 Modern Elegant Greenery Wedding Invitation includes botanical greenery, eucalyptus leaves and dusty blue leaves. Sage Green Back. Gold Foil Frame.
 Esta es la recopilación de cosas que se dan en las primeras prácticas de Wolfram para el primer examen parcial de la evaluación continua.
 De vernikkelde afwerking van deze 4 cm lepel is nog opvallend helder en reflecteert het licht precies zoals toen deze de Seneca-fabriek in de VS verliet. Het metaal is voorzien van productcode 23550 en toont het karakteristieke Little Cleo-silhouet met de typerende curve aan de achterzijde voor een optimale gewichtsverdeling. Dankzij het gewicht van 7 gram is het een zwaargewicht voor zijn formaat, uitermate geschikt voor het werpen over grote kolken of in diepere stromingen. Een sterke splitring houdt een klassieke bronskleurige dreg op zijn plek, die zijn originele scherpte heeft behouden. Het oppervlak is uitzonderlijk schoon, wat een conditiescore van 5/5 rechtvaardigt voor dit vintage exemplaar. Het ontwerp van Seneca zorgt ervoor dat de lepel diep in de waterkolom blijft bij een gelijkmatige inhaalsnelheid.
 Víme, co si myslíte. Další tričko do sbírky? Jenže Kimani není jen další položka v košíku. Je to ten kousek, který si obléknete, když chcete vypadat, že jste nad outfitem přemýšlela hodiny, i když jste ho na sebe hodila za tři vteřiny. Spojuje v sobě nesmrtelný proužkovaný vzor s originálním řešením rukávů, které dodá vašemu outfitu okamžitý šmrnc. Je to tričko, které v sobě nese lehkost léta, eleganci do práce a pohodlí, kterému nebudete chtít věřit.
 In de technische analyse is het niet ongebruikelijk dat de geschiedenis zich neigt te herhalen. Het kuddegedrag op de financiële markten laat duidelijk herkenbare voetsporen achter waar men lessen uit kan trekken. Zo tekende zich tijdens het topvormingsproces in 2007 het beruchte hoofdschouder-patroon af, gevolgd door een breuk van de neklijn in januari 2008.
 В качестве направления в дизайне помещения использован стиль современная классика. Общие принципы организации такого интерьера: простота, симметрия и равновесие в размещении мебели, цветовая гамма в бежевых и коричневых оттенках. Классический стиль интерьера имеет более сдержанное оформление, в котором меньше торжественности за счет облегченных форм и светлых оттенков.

★ ★ ★

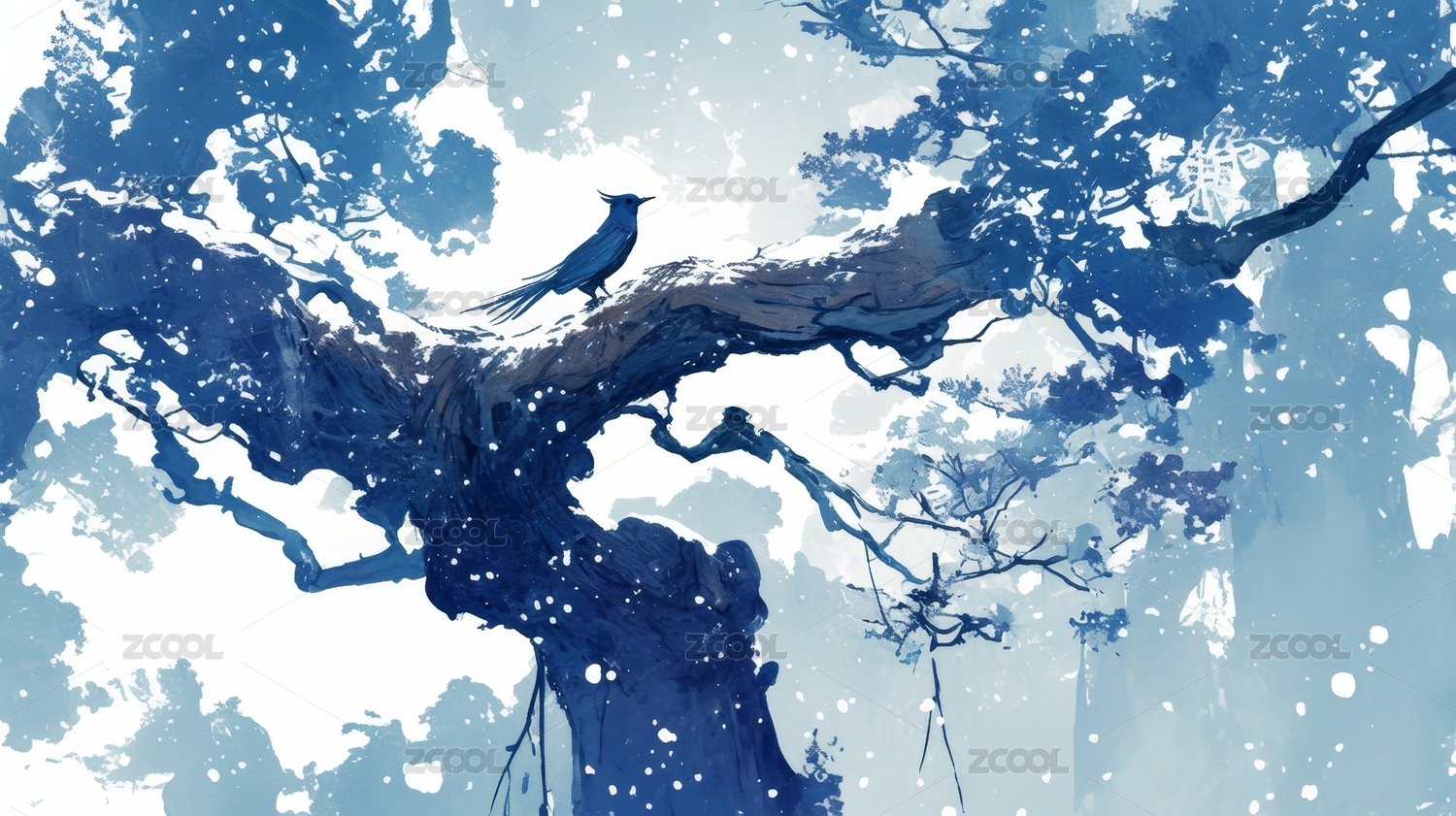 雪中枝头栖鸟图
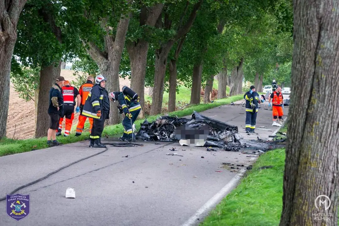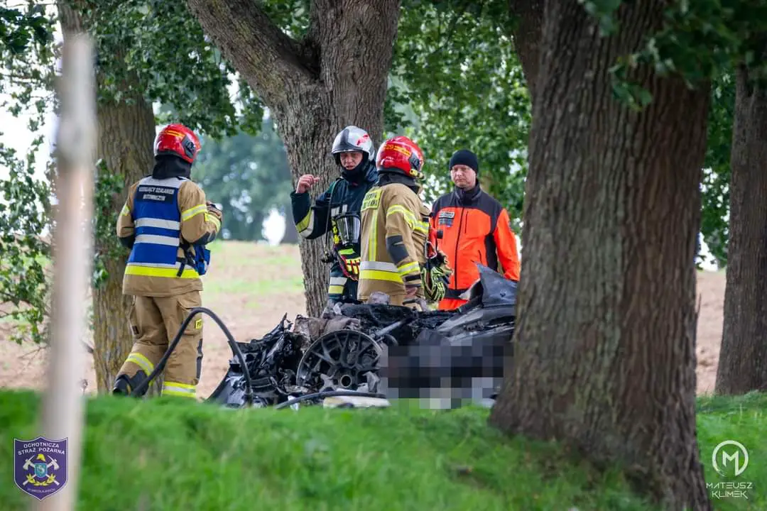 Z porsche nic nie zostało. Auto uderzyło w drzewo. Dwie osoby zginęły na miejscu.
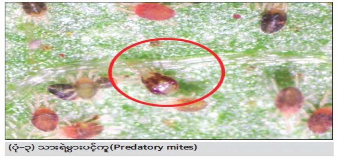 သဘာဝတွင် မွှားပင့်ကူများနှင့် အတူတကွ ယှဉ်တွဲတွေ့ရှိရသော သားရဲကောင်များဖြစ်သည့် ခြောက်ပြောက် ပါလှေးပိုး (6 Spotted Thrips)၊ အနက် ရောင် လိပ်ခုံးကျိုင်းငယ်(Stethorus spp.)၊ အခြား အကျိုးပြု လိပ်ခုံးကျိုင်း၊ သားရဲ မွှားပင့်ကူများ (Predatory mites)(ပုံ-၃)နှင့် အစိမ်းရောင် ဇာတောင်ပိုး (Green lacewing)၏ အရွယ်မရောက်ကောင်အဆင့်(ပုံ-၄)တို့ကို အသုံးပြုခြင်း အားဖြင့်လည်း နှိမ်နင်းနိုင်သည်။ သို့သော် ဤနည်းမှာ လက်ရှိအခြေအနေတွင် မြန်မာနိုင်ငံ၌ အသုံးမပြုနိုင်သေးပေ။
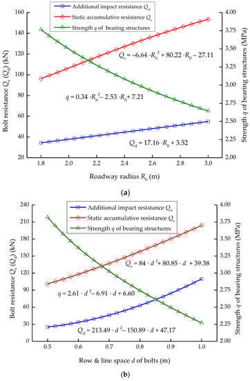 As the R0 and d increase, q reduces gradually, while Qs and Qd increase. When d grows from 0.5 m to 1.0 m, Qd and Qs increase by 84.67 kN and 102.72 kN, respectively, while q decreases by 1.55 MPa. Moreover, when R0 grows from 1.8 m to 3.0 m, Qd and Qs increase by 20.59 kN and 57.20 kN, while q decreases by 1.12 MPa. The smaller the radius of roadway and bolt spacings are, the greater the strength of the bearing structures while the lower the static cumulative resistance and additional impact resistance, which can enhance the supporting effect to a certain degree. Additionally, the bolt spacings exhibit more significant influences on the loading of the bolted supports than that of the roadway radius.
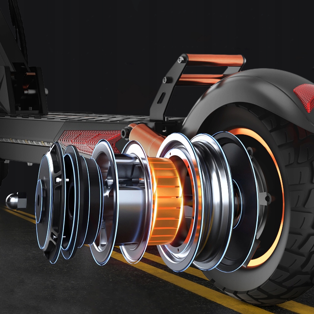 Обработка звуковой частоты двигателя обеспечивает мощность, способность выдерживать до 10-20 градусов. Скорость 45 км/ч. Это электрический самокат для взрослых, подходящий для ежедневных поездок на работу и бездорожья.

★ ★ ★

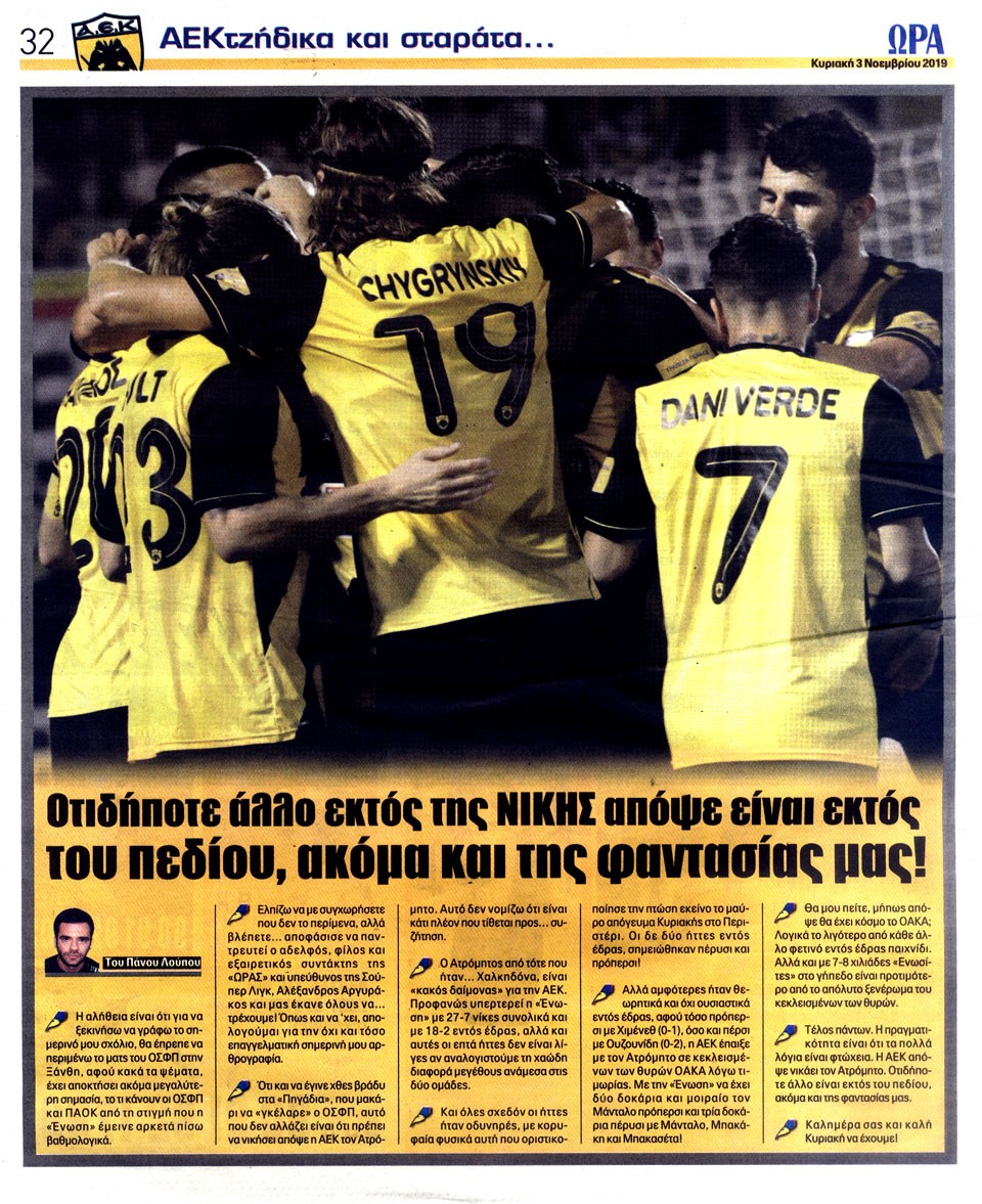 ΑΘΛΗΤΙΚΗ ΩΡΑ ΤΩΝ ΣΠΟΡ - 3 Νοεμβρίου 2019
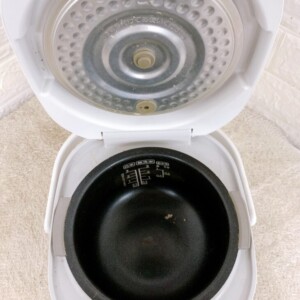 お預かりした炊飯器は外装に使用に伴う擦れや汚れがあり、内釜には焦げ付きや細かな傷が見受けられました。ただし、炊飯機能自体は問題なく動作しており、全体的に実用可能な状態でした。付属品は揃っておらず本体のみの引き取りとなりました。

★ ★ ★

→ **Work request**: Starting at the line above that contains "Z porsche nic", transcribe every line exactly through the line that contains "Обработка звуковой частоты", including that last one, and skip the pictures.

→ **Written answer**:
 Z porsche nic nie zostało. Auto uderzyło w drzewo. Dwie osoby zginęły na miejscu.
 သဘာဝတွင် မွှားပင့်ကူများနှင့် အတူတကွ ယှဉ်တွဲတွေ့ရှိရသော သားရဲကောင်များဖြစ်သည့် ခြောက်ပြောက် ပါလှေးပိုး (6 Spotted Thrips)၊ အနက် ရောင် လိပ်ခုံးကျိုင်းငယ်(Stethorus spp.)၊ အခြား အကျိုးပြု လိပ်ခုံးကျိုင်း၊ သားရဲ မွှားပင့်ကူများ (Predatory mites)(ပုံ-၃)နှင့် အစိမ်းရောင် ဇာတောင်ပိုး (Green lacewing)၏ အရွယ်မရောက်ကောင်အဆင့်(ပုံ-၄)တို့ကို အသုံးပြုခြင်း အားဖြင့်လည်း နှိမ်နင်းနိုင်သည်။ သို့သော် ဤနည်းမှာ လက်ရှိအခြေအနေတွင် မြန်မာနိုင်ငံ၌ အသုံးမပြုနိုင်သေးပေ။
 As the R0 and d increase, q reduces gradually, while Qs and Qd increase. When d grows from 0.5 m to 1.0 m, Qd and Qs increase by 84.67 kN and 102.72 kN, respectively, while q decreases by 1.55 MPa. Moreover, when R0 grows from 1.8 m to 3.0 m, Qd and Qs increase by 20.59 kN and 57.20 kN, while q decreases by 1.12 MPa. The smaller the radius of roadway and bolt spacings are, the greater the strength of the bearing structures while the lower the static cumulative resistance and additional impact resistance, which can enhance the supporting effect to a certain degree. Additionally, the bolt spacings exhibit more significant influences on the loading of the bolted supports than that of the roadway radius.
 Обработка звуковой частоты двигателя обеспечивает мощность, способность выдерживать до 10-20 градусов. Скорость 45 км/ч. Это электрический самокат для взрослых, подходящий для ежедневных поездок на работу и бездорожья.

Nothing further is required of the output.